Lincoln defused Chase in 1864 when Chief Justice Roger Taney died. Lincoln offered Chase the Chief Justiceship, which he took. After that, Chase was no longer a major Republican politician; he was a Statesman.
The portrait of Chase that he had put on the first $1 bill in 1862 is on the $10,000 bill today – which nobody has used since credit cards became common in the 1940s. They’re still legal tender, though. The Treasury Department says that only 336 are still outstanding; all in the possession of collectors who won’t part with them.
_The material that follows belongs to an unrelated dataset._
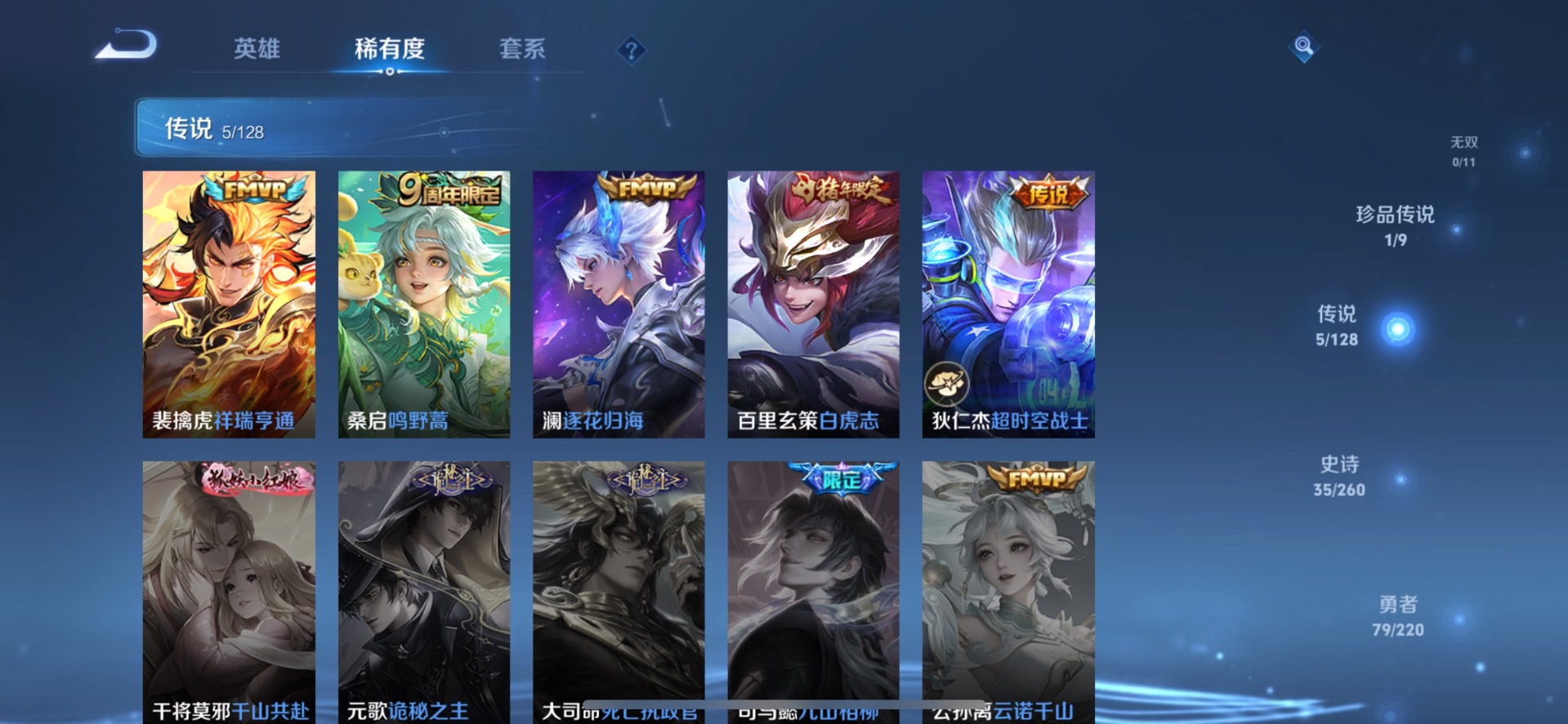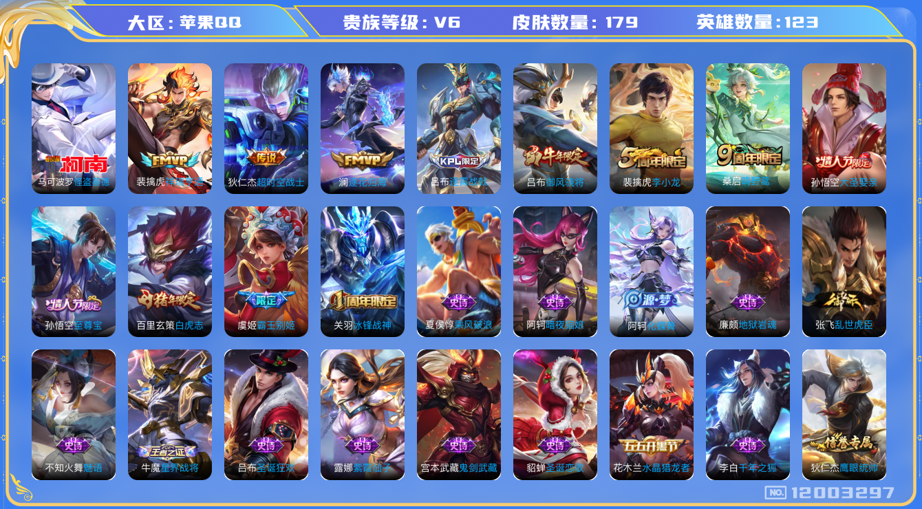 [12003297]V6 1珍品传说 5传说 123英雄 179皮肤 可修改实名 优质装备:怪盗基德,超时空战士-狄仁杰,澜逐花归海 传说皮:祥瑞亨通 珍宝阁皮:蔷薇恋人 限定皮:逐霄战戟,鸣野蒿,至尊宝,白虎志(电光耗子),冰锋战神,御风骁将(吕布年限),李小龙,霸王别姬-虞姬,大圣娶亲 史诗皮:化蝶舞,星界战将,龙之律动,紫霞仙子,白龙吟,千年之狐,魅语,偶像歌手,晚萤,暗夜猫娘,乱世虎臣,修罗,功夫厨神,鬼剑武藏,地狱岩魂,乘风破浪,水晶猎龙者,金属风暴,圣诞狂欢,圣诞恋歌,鹰眼统帅,黎明之约

https://en.wikipedia.org/wiki/Large_denominations_of_United_States_currency#/media/File:US-$10000-FRN-1928-Fr-2230b.jpg
There was a scramble in the government to get your picture put on the new paper money. U.S. Treasurer Francis E. Spinner featured himself on the 50¢ bill. (You didn’t know that the U.S. used to have paper money below $1? It did until 1875.) Spinner was notoriously cross-eyed, and it showed on the 50¢ bill.
https://en.wikipedia.org/wiki/File:US-Fractional_(3rd_Issue)-$0.50-Fr.1328.jpg
The Superintendent of the National Currency Bureau, Spencer M. Clark, became featured on the 5¢ bill. At that point, Congress said, “Enough is too much!” and made it illegal to show anyone still alive on U.S. paper money.